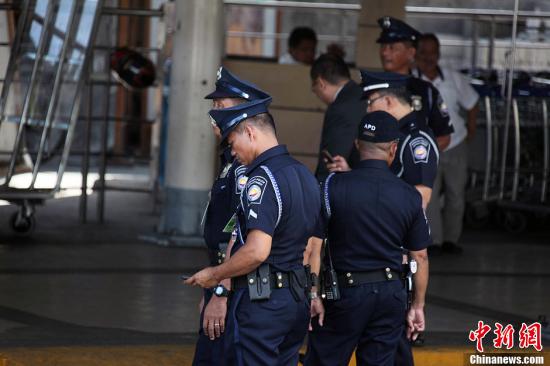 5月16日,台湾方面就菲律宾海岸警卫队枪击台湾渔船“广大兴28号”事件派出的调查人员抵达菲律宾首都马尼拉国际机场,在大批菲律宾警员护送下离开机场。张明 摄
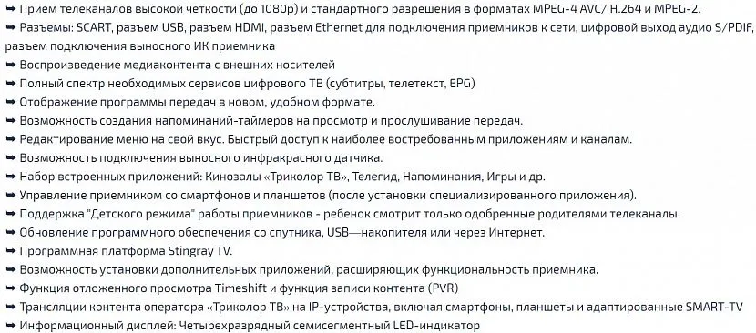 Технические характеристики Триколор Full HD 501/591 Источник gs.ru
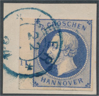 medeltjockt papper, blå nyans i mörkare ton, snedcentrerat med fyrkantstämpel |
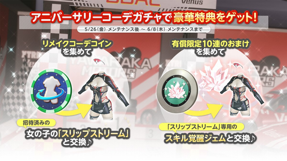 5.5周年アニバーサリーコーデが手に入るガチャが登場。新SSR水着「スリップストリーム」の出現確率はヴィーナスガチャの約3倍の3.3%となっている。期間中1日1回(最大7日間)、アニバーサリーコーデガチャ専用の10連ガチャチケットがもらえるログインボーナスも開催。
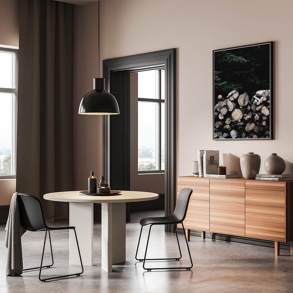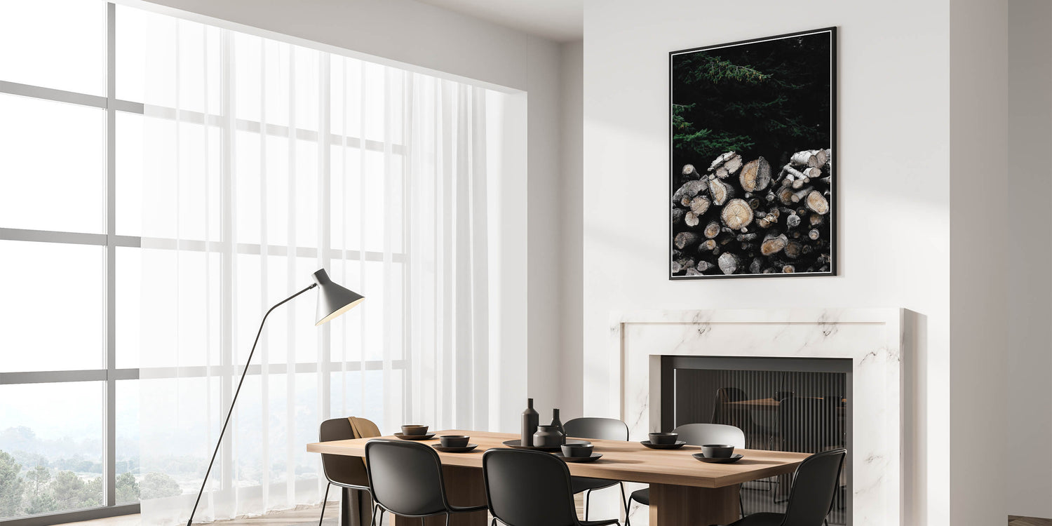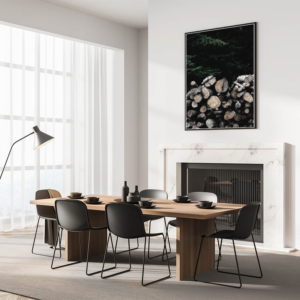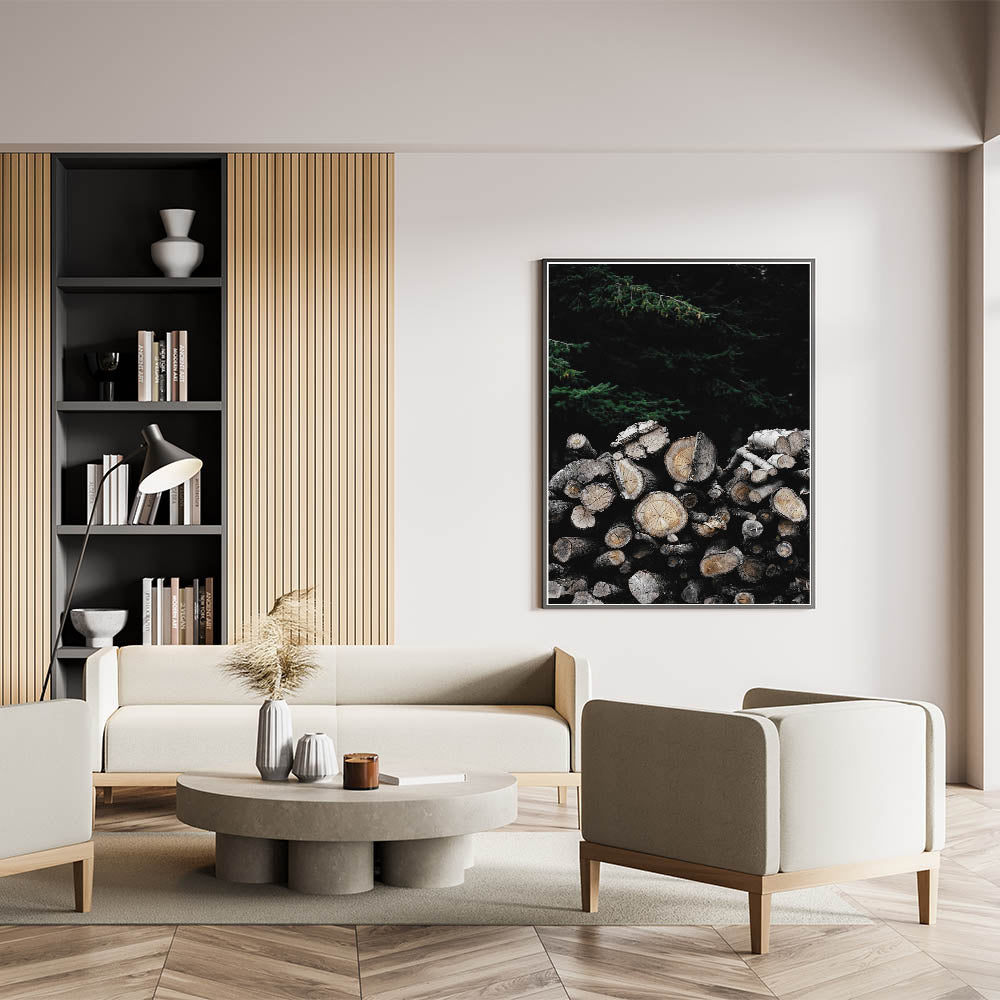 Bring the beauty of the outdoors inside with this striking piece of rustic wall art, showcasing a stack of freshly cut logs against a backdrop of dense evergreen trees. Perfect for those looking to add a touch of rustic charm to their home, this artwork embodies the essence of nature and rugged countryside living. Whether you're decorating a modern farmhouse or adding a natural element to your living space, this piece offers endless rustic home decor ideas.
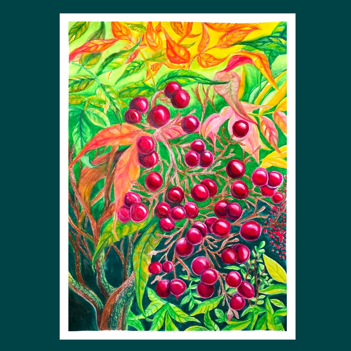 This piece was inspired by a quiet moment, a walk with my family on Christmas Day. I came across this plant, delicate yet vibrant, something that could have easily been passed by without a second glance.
*-*-*
• **Action item**
Copy the records above exactly, leaving out every picture.

• **Reply to the exercise**
 5月16日,台湾方面就菲律宾海岸警卫队枪击台湾渔船“广大兴28号”事件派出的调查人员抵达菲律宾首都马尼拉国际机场,在大批菲律宾警员护送下离开机场。张明 摄
 Технические характеристики Триколор Full HD 501/591 Источник gs.ru
 medeltjockt papper, blå nyans i mörkare ton, snedcentrerat med fyrkantstämpel |
 5.5周年アニバーサリーコーデが手に入るガチャが登場。新SSR水着「スリップストリーム」の出現確率はヴィーナスガチャの約3倍の3.3%となっている。期間中1日1回(最大7日間)、アニバーサリーコーデガチャ専用の10連ガチャチケットがもらえるログインボーナスも開催。
 Bring the beauty of the outdoors inside with this striking piece of rustic wall art, showcasing a stack of freshly cut logs against a backdrop of dense evergreen trees. Perfect for those looking to add a touch of rustic charm to their home, this artwork embodies the essence of nature and rugged countryside living. Whether you're decorating a modern farmhouse or adding a natural element to your living space, this piece offers endless rustic home decor ideas.
 This piece was inspired by a quiet moment, a walk with my family on Christmas Day. I came across this plant, delicate yet vibrant, something that could have easily been passed by without a second glance.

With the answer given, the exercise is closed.